Following the resignation of Albert Frère in 2016, the two managing directors, Ian Gallienne and Gérard Lamarche were named Co-CEOs.
New nominees to the board this year include Jocelyn Lefebvre a representative of Power Financial BV and Laurence Danon Arnaud, unfortunately only one of whom is independent. Given the absence of a majority independence on the board (28%), we are unable to support the election of Jocelyn Lefebvre to the board (Resolution 5.1.2).
Although we note that, the following the election of Laurence Danon Arnaud, there will be one additional independent member on the board (5 directors as opposed to 4).
Given our concerns regarding independence on the board we are unable support the reelection of the Victor Delloye, Amaury de Seze, and Arnaud Vial (Resolutions, 5.2.1, 5.2.3 and 5.2.5, respectively).

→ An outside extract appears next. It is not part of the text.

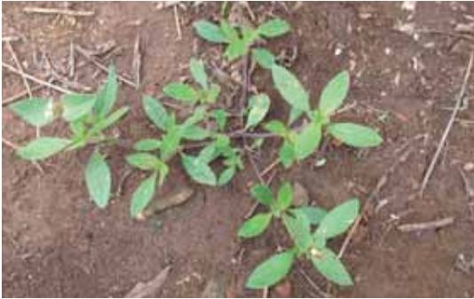
Tanaman Althernanthera sessilis .

Furthermore, we note our concern with the excessive nature of the remuneration and its structure which is more heavily weighted towards the short term, as such we recommend that shareholders withhold their support of the remuneration policy (Resolution 6) as well as their support from the authority to grant share options in Resolutions 7.1 and 7.2
Groupe Bruxelles Lambert is a holding company. Through its subsidiaries, Co. operates through the following segments: Imerys, which consists of the Imerys group that operates in four business lines of energy solutions and specialties, filtration and performance additives, ceramic materials, and high resistance minerals; and Financial Pillar, which includes, on the one hand, under investment activities, the companies Sienna Capital, Ergon Capital Partners (ECP), ECP II, ECP III, PAI Europe III, Sagard, Sagard II and Sagard III, Kartesia and Merieux Participations I and II and, on the other hand, under consolidated operating activities, the operating subsidiaries of ECP III.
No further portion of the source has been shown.